Jill O'Donnell-Tormey, cheif executive of Cancer Research Institute, has had a tough time securing a company directorship despite her impressive resume

FOR women like Jill O’Donnell-Tormey, an imaginary sign seems to hang outside U.S. boardrooms. It reads: “Help Not Wanted.”

The longtime chief executive of the nonprofit Cancer Research Institute has fruitlessly pursued a public company directorship for several years. With a resume that touts her decades of experience as a CEO and cancer researcher, she has reached out to business acquaintances and enlisted the help of an executive-recruitment firm. “I don’t think I even cross anybody’s mind,’’ Dr. O’Donnell-Tormey said.

Women looking to land their first board seats have a much tougher time than men, recruiters and corporate directors say. Some businesses are now trying to solve this problem in the face of intensified shareholder pressure for more female directors. BlackRock Inc., the world’s biggest money manager, this month for the first time said that companies in which it invests should have at least two women on their boards.

The proportion of women on S&P 500 company boards grew just one percentage point to 22% last year—up from 16% in 2007, executive recruiters Spencer Stuart reported. And women represented 42% of the latest novice directors that S&P 500 companies disclosed in 2017 proxy statements. That is up from 32% in 2016, but down from 44% in 2015, according to Spencer Stuart.

During her recent search for an initial directorship, human-resources executive Eileen Schloss discovered that her male boss’s network opened more doors than hers. In June 2016, she was aiming to retire from Medidata Solutions Inc., a technology and data-analytics company for the life sciences industry, when CEO Tarek Sherif summoned her to his office.

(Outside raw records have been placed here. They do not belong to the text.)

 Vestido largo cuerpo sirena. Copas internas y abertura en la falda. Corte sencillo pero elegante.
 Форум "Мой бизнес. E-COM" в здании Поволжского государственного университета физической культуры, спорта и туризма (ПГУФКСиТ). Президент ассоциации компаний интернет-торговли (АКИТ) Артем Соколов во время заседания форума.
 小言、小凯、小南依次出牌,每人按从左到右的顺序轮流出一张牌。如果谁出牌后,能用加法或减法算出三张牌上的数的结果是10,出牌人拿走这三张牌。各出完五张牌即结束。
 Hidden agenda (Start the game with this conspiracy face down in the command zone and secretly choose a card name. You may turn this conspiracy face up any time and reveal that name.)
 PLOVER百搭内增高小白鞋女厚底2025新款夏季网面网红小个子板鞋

Mr. Sherif said he suggested Ms. Schloss become a director and offered to arrange introductions. He felt she could add real value to board decisions and mostly connected her with men he knew, such as venture capitalists, he said.

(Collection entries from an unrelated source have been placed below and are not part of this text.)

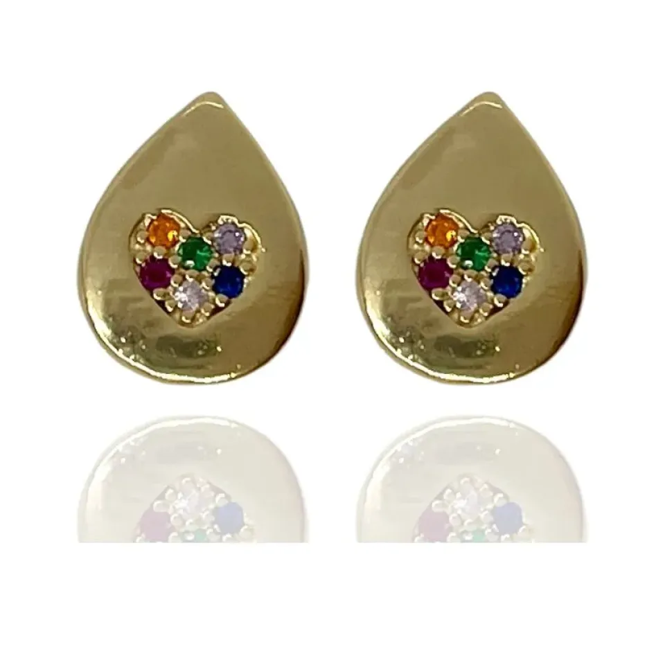 Brinco gota lisa com coração cravejado e zircônias coloridas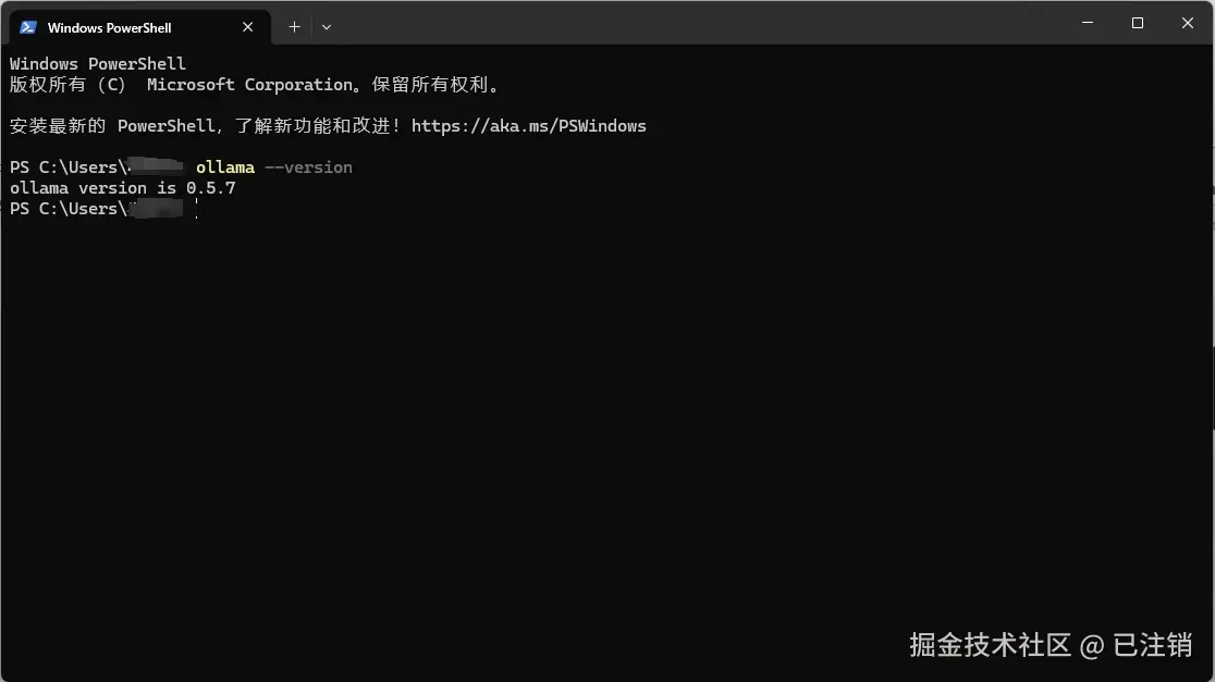 你也可以在 PowerShell (或使用 CMD)中查看你的 Ollama 版本,命令如下: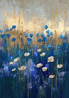 Bloementuin | Serenity in Sapphire and Gold - Dit bloemen schilderij toont een levendige verzameling van blauwe en witte bloemen tegen een achtergrond van goud en diepblauwe tinten, gecreëerd met dikke, expressieve verfklodders die een gevoel van diepte en textuur geven.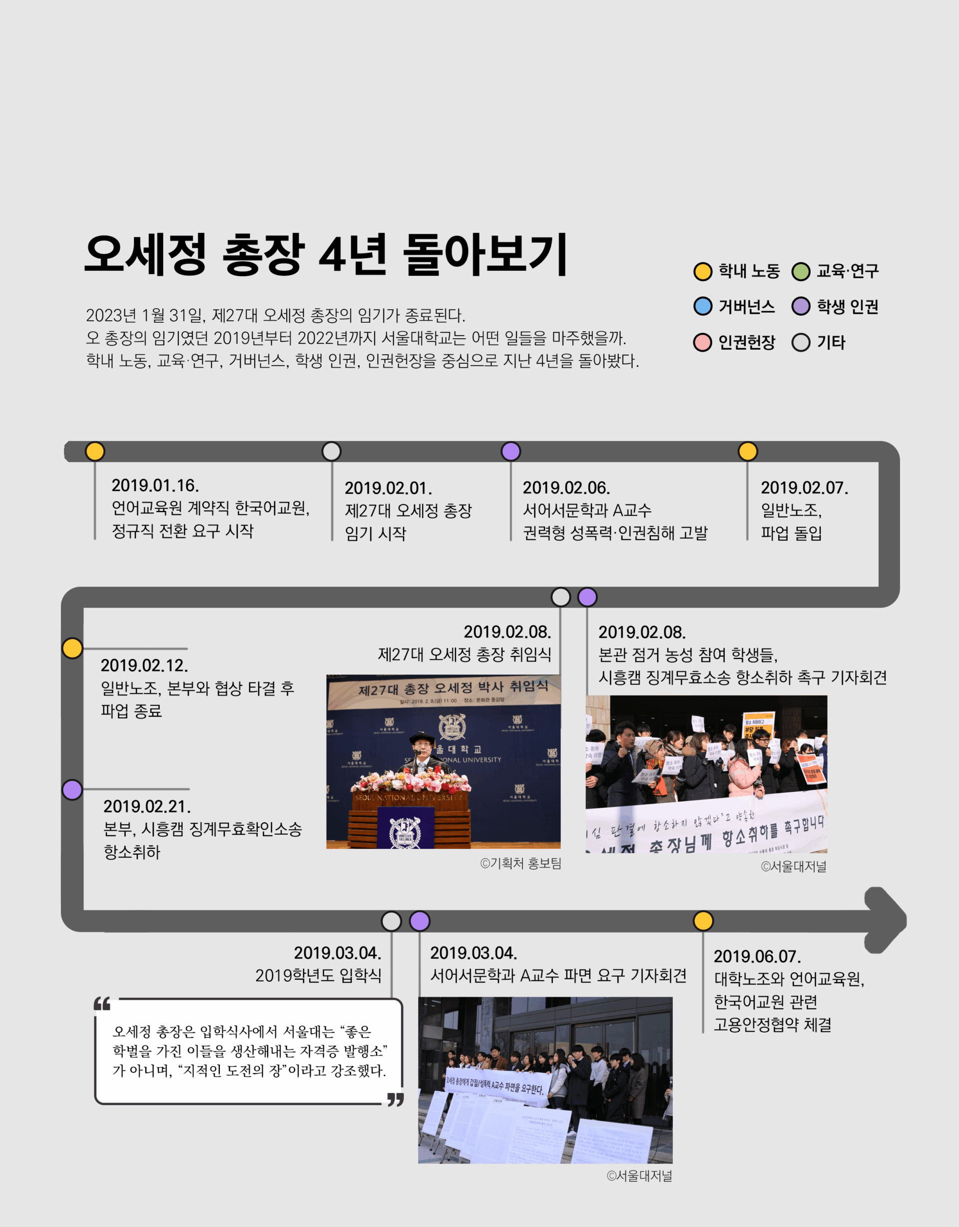 2023년 1월 31일, 제27대 오세정 총장의 임기가 종료된다. 오 총장의 임기였던 2019년부터 2022년까지 서울대학교는 어떤 일들을 마주했을까. 학내 노동, 교육·연구, 거버넌스, 학생 인권, 인권헌장을 중심으로 지난 4년을 돌아봤다.

Yet five search firms whom Ms. Schloss had done business with for years declined to help with her board quest, she said. Recruiters told her that board clients preferred experienced CEOs and finance chiefs.

Assisted by a contact of Mr. Sherif, Ms. Schloss went on the board of Alteryx Inc. last May—shortly after the data-analytics startup went public and she retired.

“To gain their first corporate board seat, women still have to overcome strong cultural issues that most men don’t have to overcome,” said Bill George, a former head of Medtronic PLC and author of five leadership books.

Many businesses prefer veteran female directors over untested ones, research shows. The number of women serving on at least four boards of Russell 3000 companies rose to 38 from 30 between the end of 2012 and 2017, concludes an analysis for The Wall Street Journal by governance researchers Equilar. These women say they frequently get feelers about additional directorships.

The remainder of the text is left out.